HARRISONBURG — Anyone with their own water source should test it annually, and this year, they could receive some help from experts in the field.
The Virginia Cooperative Extension will hold clinics on well and other water source testing starting next week, according to an extension office.
“We encourage people to test because they are responsible for their private water quality,” said Cristin Sprenger, a senior extension agent at the Virginia Cooperative.
Water can seep into wells or other personal water sources from far away because of the porous nature of the limestone that makes up a good portion of the bedrock in this area, she said. The region’s topography makes it difficult to know where water has been or what could be in it.
The clinic, which includes a lab test, costs $49. Sprenger said a private test could cost more than $200.
“That’s actually very inexpensive,” she said. “Plus when you go and take it to a lab, nobody stands there and explains to you what it means.”
Samples will be analyzed for E. Coli, iron, lead, arsenic, total dissolved solids and other information.
A kickoff meeting will include a brief presentation addressing common water quality issues in the area and instructions on collecting water samples — four are required. Kits will then be distributed.
All samples will be collected Nov. 13 and analyzed at Virginia Tech.

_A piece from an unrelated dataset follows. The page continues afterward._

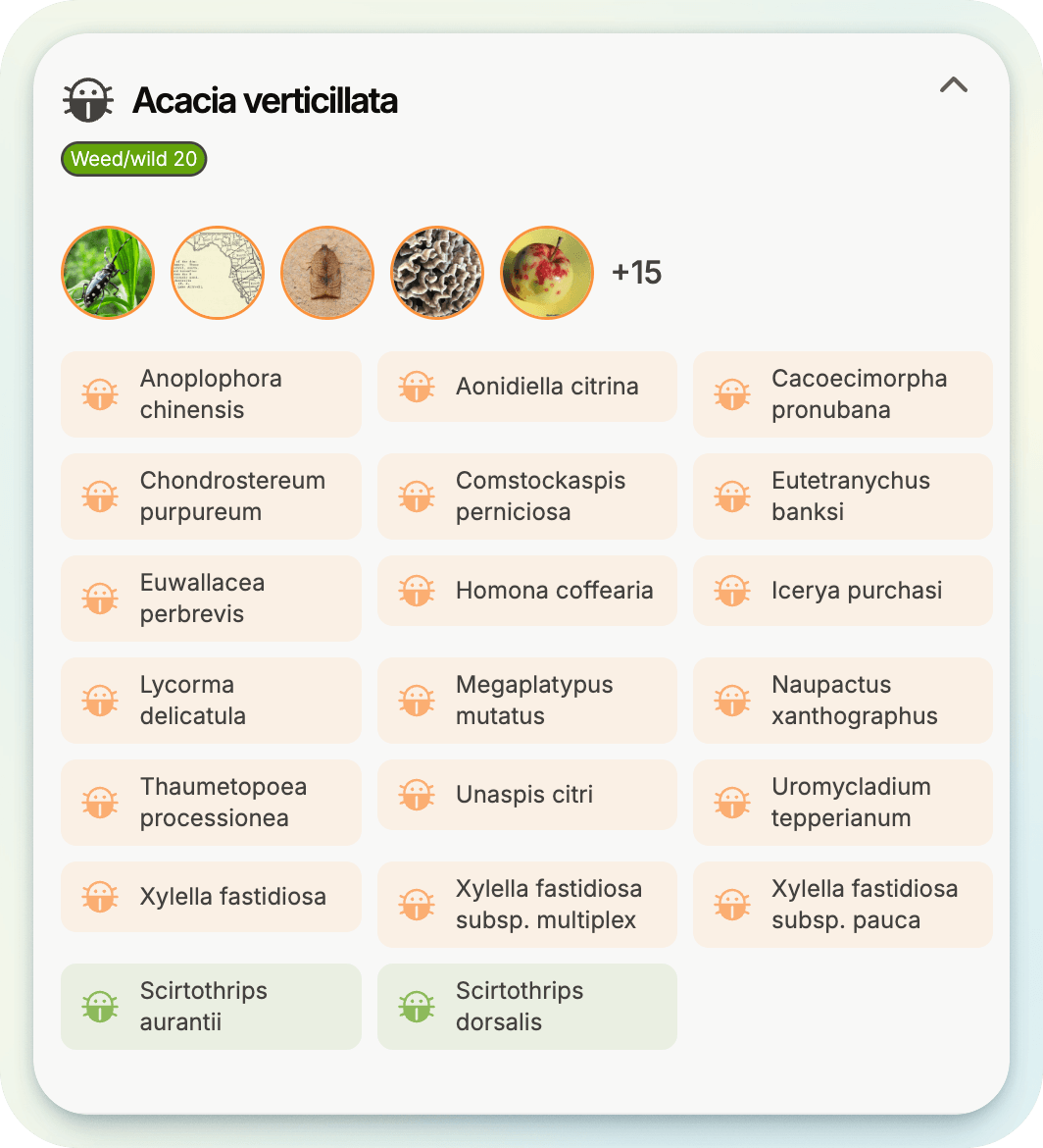 Identify major hosts of exotic plant pests to prevent and mitigate risk of biosecruity threats

Participants will receive confidential water test results at an interpretation meeting at a later date, Sprenger said.
Experts also will be on hand to answer specific questions.
With only 150 total samples and 50 slots for each of three meetings, Sprenger said people should pre-register as soon as possible.
If too many people wait until after the first meeting, then they may not get in, she said.
The kick-off meetings are on Oct. 22 at Brown Memorial Community Church in McGaheysville; on Oct. 29 at Plains Community Center in Timberville; and on Nov. 6 at the Rockingham County Extension Office in Harrisonburg.